● Recorded data:
---------------
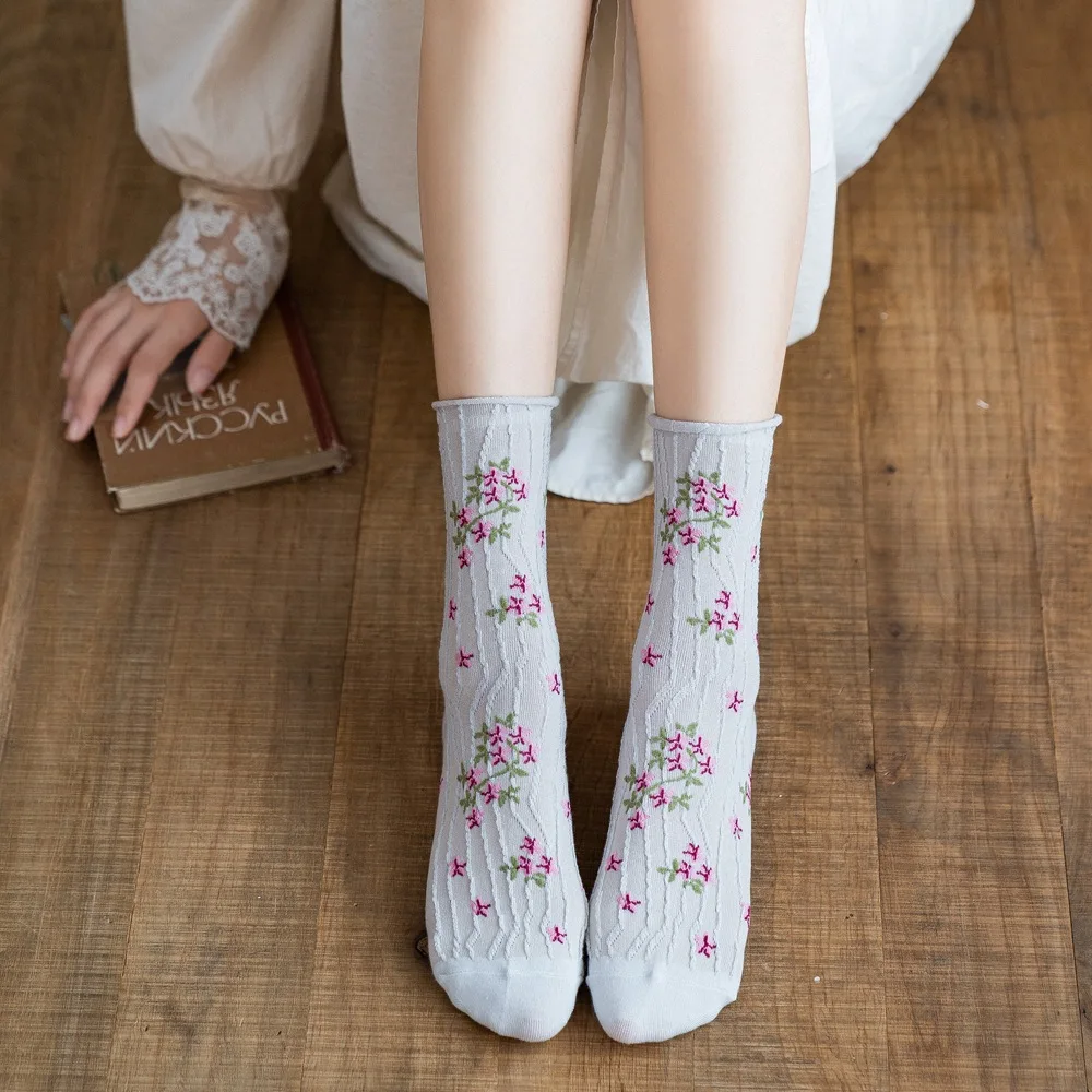Носки женские, в стиле Харадзюку, с оборками и цветочной вышивкой
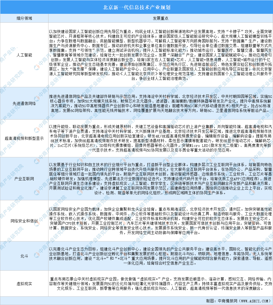 新一代信息技術(shù):以聚焦前沿、促進(jìn)融合為重點,突出G端L域、關(guān)鍵環(huán)節(jié),扶持壯大一批出色品牌企業(yè)和特色產(chǎn)業(yè)集群,重點布局海淀區(qū)、朝陽區(qū)、北京經(jīng)濟(jì)技術(shù)開發(fā)區(qū),力爭到2025年新一代信息技術(shù)產(chǎn)業(yè)實現(xiàn)營業(yè)收入2.5萬億元。
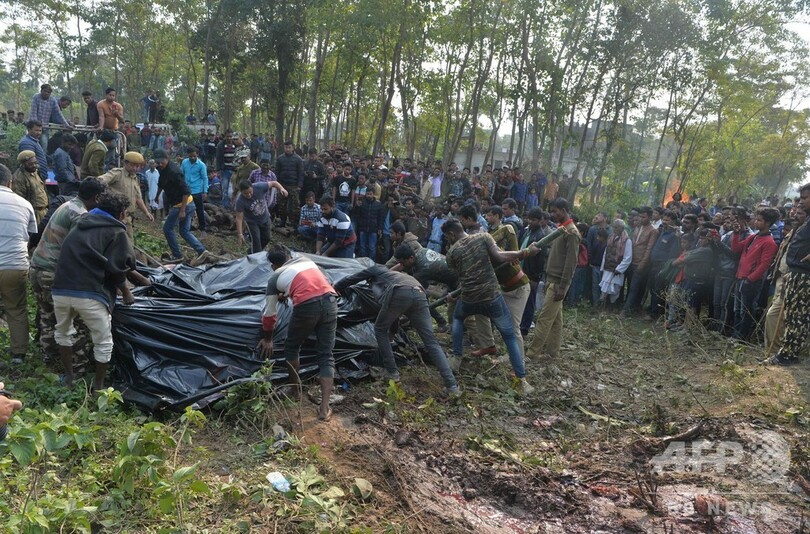 2頭の死骸のそばには地元住民数十人が集まり、祈りをささげる人もいた。周囲に丸太が積み上げられ、火が付けられた。(c)AFP
---------------
● Work to be completed: Repeat the listing word for word, omitting the pictures.

● Expected output:
Носки женские, в стиле Харадзюку, с оборками и цветочной вышивкой
 新一代信息技術(shù):以聚焦前沿、促進(jìn)融合為重點,突出G端L域、關(guān)鍵環(huán)節(jié),扶持壯大一批出色品牌企業(yè)和特色產(chǎn)業(yè)集群,重點布局海淀區(qū)、朝陽區(qū)、北京經(jīng)濟(jì)技術(shù)開發(fā)區(qū),力爭到2025年新一代信息技術(shù)產(chǎn)業(yè)實現(xiàn)營業(yè)收入2.5萬億元。
 2頭の死骸のそばには地元住民数十人が集まり、祈りをささげる人もいた。周囲に丸太が積み上げられ、火が付けられた。(c)AFP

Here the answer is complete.